Galantophilia is a little like Tulip Fever – the Dutch passion for the tulip that once saw a single bulb selling for the price of a house.

A single bulb of a certain snowdrop went for £1,300 on ebay, said Alan.

The quest for the snowdrop has even led to snowdrop crime …13,000 snowdrops were dug up one night recently from an abbey in Norfolk.

But money is not what interests Alan.

True gardeners are kind with their plants – once upon a time galantophiles shared their flowers just for the love of it, no money changed hands.

As this thoughtful gentle story unfolded, it became clear that Alan’s love is rooted in the people who shared his love of snowdrops; the people whose names live on in the dainty flowers.

The Victorians believed in the language of flowers, he said. The snowdrops come in January – the early harbingers of Spring – the first small white flowers to put their noses up out of the icy winter soil.

They were traditionally planted in graveyards – they are a small white message of hope.

He pointed out a snowdrop named Adam – called for a young man who died suddenly at a young age.

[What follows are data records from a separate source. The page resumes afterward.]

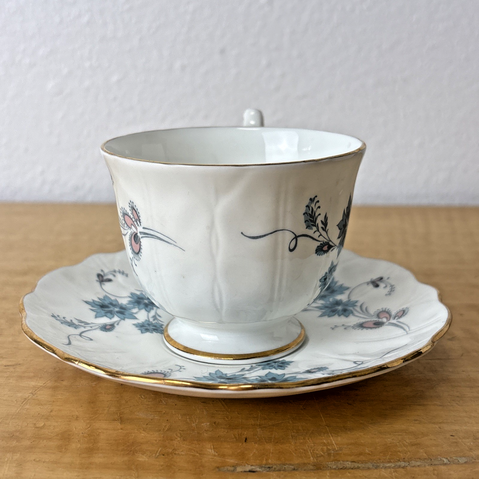 Aynsley Blue & Pink Floral Teacup & Saucer English Bone China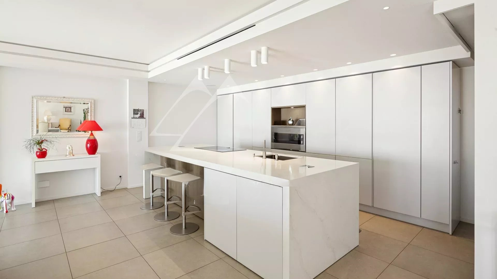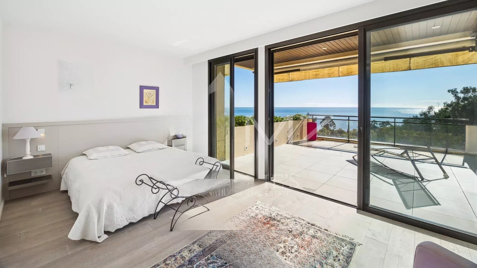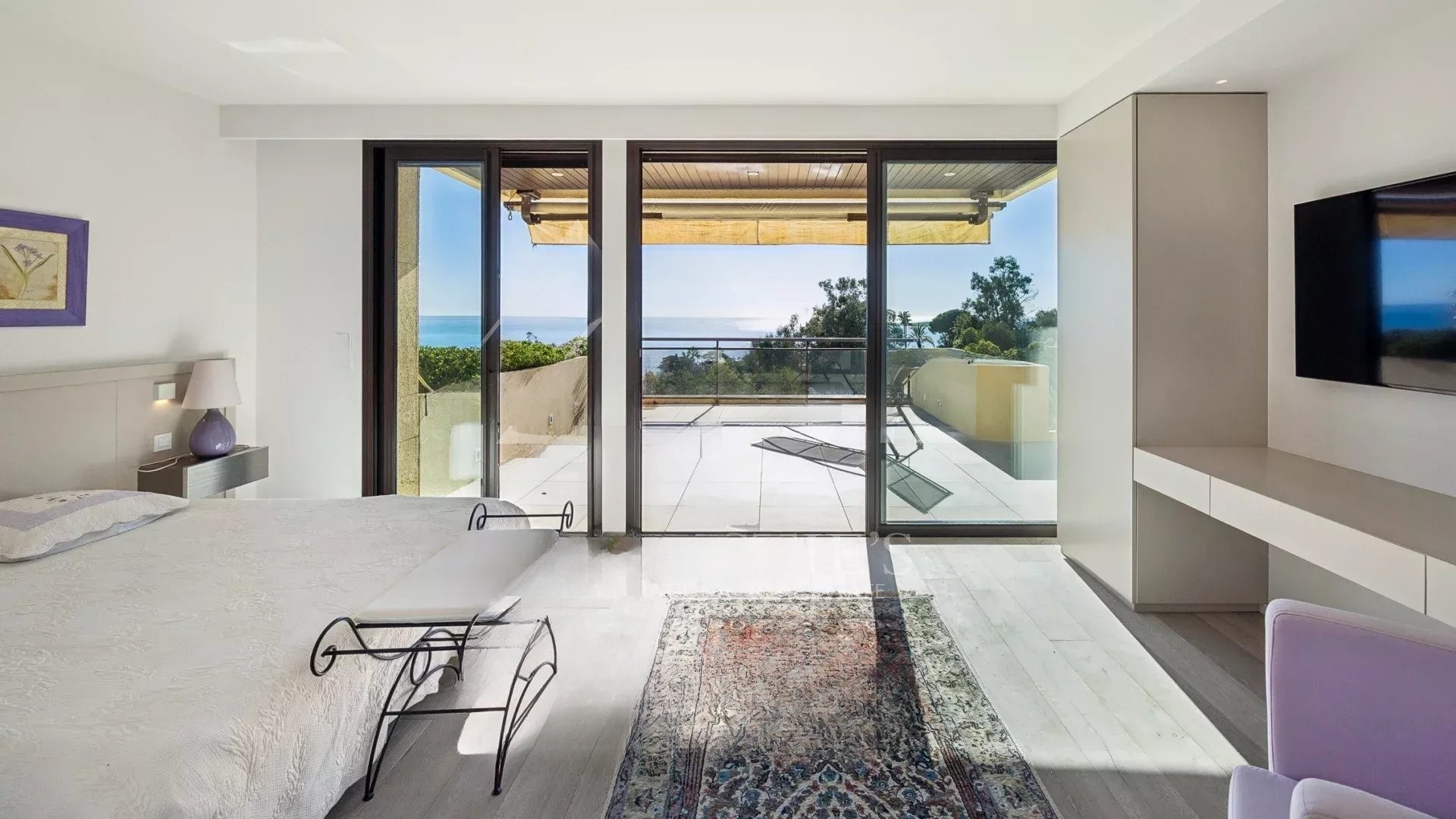 Жилье выделяется современным стилем и отличным состоянием. Просторная гостиная-столовая площадью 98 м² выходит на террасу с потрясающим панорамным видом на Средиземное море и острова Лерин, создавая идиллическую атмосферу для жизни.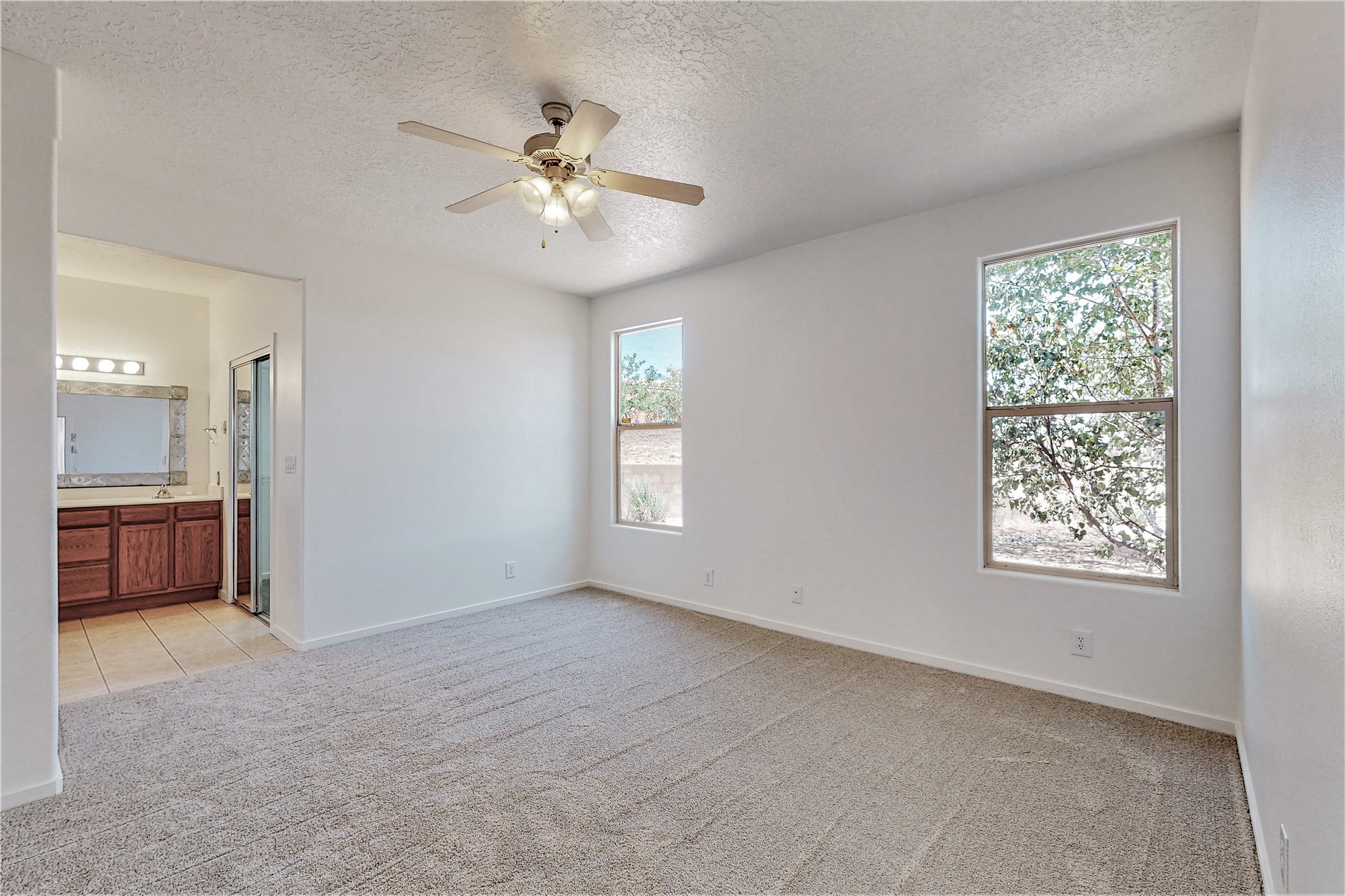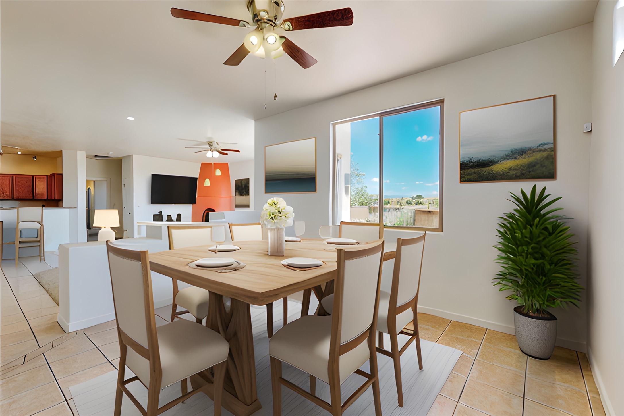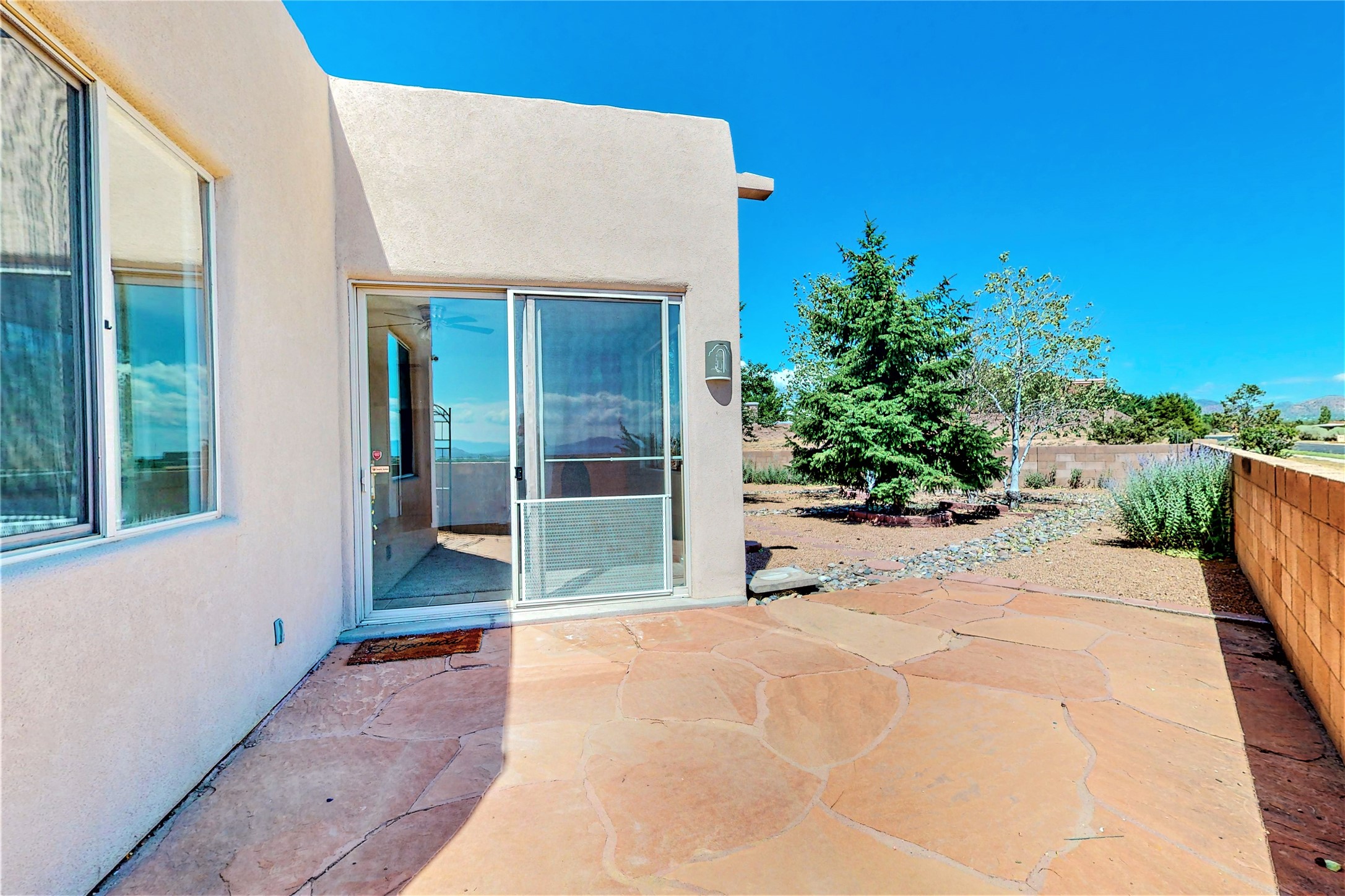 Step into unparalleled value in the heart of Windmill Ridge. This fine home with Rancho Viejo charm, nestles on a premium view lot at the end of a quiet cul-de-sac. As you arrive the sweeping vistas of Jemez, Sangre de Cristo and Sandia Mountains will welcome you. Every corner of this adobe radiates with natural light, blending with its functional open design. This well maintained improved home features: 1825 square feet, 3 bedrooms, 2 full baths, great room with a kiva fireplace, adjoining open kitchen with eating bar, pantry and breakfast nook, den/dining room, 2 car garage, radiant heated floors, dual evaporative cooling, instant hot water, established front and back landscaping, flagstone patio and much more. MORE IMPROVEMENTS: New TPO Roof Warranty to 2033, new custom painted interior including front and garage doors, new custom carpeting, new surfaced sidewalk and driveway. Beyond this home's privacy and tranquility, life thrives beginning with out your door to paved trails. Moments away are the education hubs of the Santa Fe Community College and the Institute of American Indian Arts. Rancho Viejo is more than a neighborhood; it's an experience. Paved roads, enchanting parks, underground utilities and an ambience free of street lights make for starlit nights. Your forever vistas and nearly 15 miles of walking trails ensure nature is your companion. This is your opportunity to experience the soul of Santa Fe living in a community with something for everyone with easy access to museums, galleries, shopping, restaurants and more. This home is a great beginning for your next Santa Fe chapter whether your first or forever home. Call to learn more and see. BONUS: 10 years roof warranty and one year Home Warranty from Home Warranty of America at no cost to Buyer. Call for your showing appointment today.

He smiled down at Primrose, the formidable “queen of the snowdrop queens”.

So many of the flowers bear the names of friends who have passed away. It is how they live on.

He talked of how long ago, snowdrops were planted on paths leading to the privy outside people’s back doors. In the days before electric lights, you might find your way out and back by the soft glint of the little flowers in the darkness.

This was a beautiful, thoughtful study of a gardener’s life given meaning by the slow cultivation of the snowdrops. The snowdrop is a small unassuming plant but a tiny beacon of hope in dark days.